実はhasunohaを知ったのが昨日でして、これから他の問答を読んでみます。その時に、「十二因縁(縁起)のどの部分にあたりそうか」考えながら読んでみます。

「学派や学問の学説にもそれぞれいくつもの説があります」ということは、なかなか回答しづらい内容の質問だったかもしれません。申し訳ありません。
でも、こうやってご回答いただけて、私自身はとても参考になりましたし、きっと他にもそう思う方はいらっしゃると思います。
これからもよろしくお願いいたします‼

川口英俊 様

『聖稲芉経』の日本誤訳ありがとうございました‼
読むことが難しかったですし、内容を理解できたと言えませんが、「理解の補完」は進んだ気がします。

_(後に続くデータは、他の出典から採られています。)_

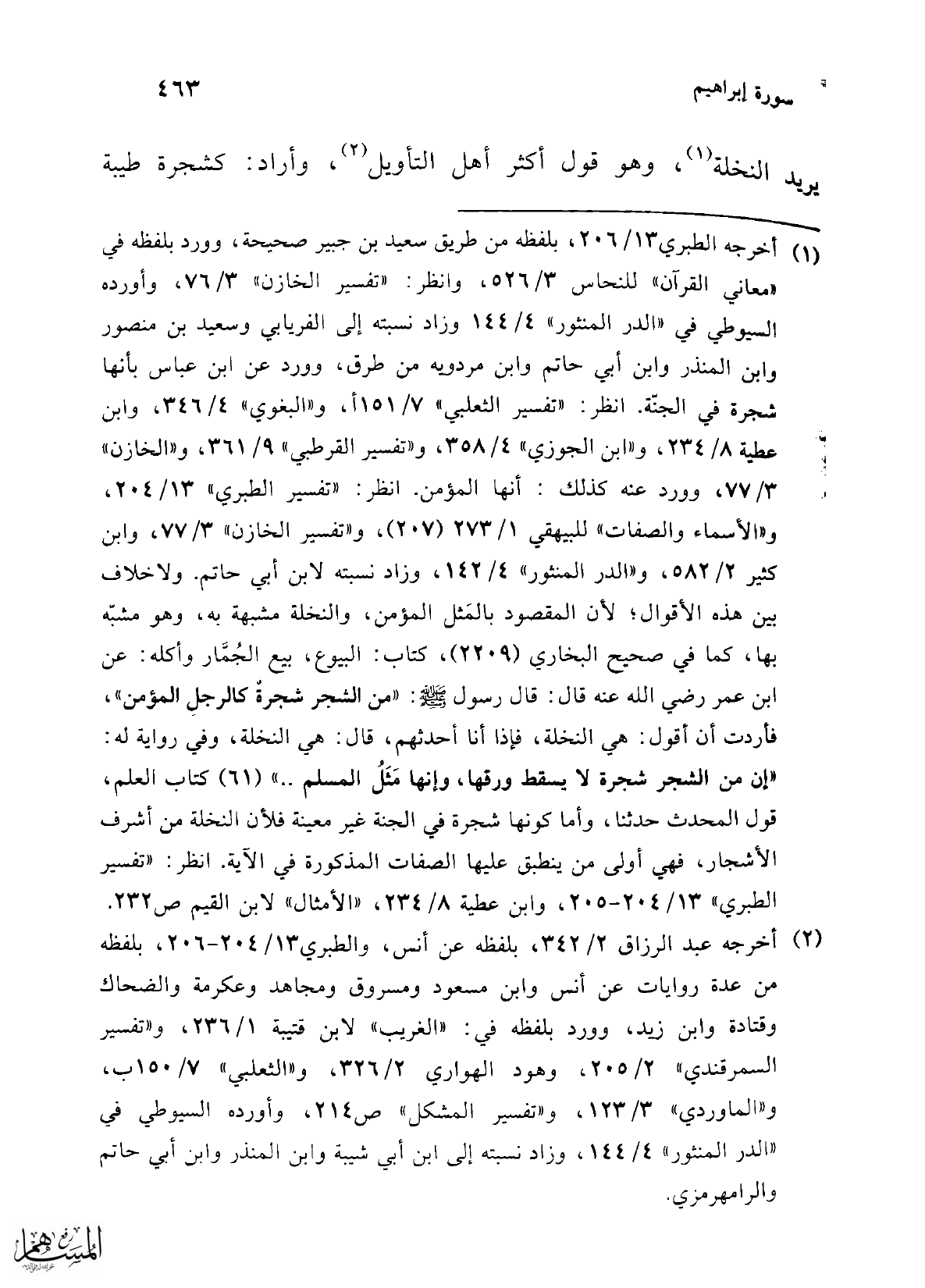 (¬1) أخرج الطبري 13/ 206، بلفظه من طريق سعيد بن جبير صحيحة، وورد بلفظه في "معاني القرآن" للنحاس 3/ 526، وانظر: "تفسير الخازن" 3/ 76، وأورده السيوطي في "الدر المنثور" 4/ 144 وزاد نسبته إلى الفريابي وسعيد بن منصور وابن المنذر وابن أبي هاشم وابن مردويه من طرق، وورد عن ابن عباس بأنها شجرة في الجنّة. انظر: "تفسير الثعلبي" 7/ 151 أ، و"البغوي" 4/ 346، وابن عطية 8/ 234، و"ابن الجوزي" 4/ 358، و"تفسير القرطبي" 9/ 361، و"الخازن" 3/ 77، وورد عنه كذلك: أنها المؤمن. انظر: "تفسير الطبري" 13/ 204، و"الأسماء والصفات" للبيهقي 1/ 273 (207)، و"تفسير الخازن" 3/ 77، وابن كثير 2/ 582، و"الدر المنثور" 4/ 142، وزاد نسبته لابن أبي حاتم. ولاخلاف بين هذه الأقوال؛ لأن المقصود بالمثل المؤمن، والنخلة مشبهة به، وهو مشبّه بها، كما في صحيح البخاري (2209)، كتاب: البيوع، بيع الجُمَّار وأكله: عن ابن عمر رضي الله عنه قال: قال رسول - صلى الله عليه وسلم -: "من الشجر شجرةٌ كالرجلِ المؤمن"، فأردت أن أقول: هي النخلة، فإذا أنا أحدثهم، قال: هي النخلة، وفي رواية له: "إن من الشجر شجرة لا يسقط ورقها، وإنها مَثَلُ المسلم .. " (61) كتاب العلم، قول المحدث حدثنا، وأما كونها شجرة في الجنة غير معينة فلأن النخلة من أشرف الأشجار، فهي أولى من ينطبق عليها الصفات المذكورة في الآية. انظر: "تفسير الطبري" 13/ 204 - 205، وابن عطية 8/ 234، "الأمثال" لابن القيم ص 232.

失礼な発言かもしれませんが…どうもこういうものを読んだ時、「つまりは、あまり考えすぎず、今を懸命に生きるってことかな?」と自分勝手に結論してしまいます(>_<)
昔から親や周囲に「自分一人で生きているつもりかっ!」と怒られることが多く、自分勝手な結論と真如との乖離部分が、自分の足りない部分なのかなと思います。その部分、これからの実生活の中で、さらに補完していきたいと思います。
補完が進んで、いつか『聖稲芉経』を真に理解できる日がくればいいな、と思いました!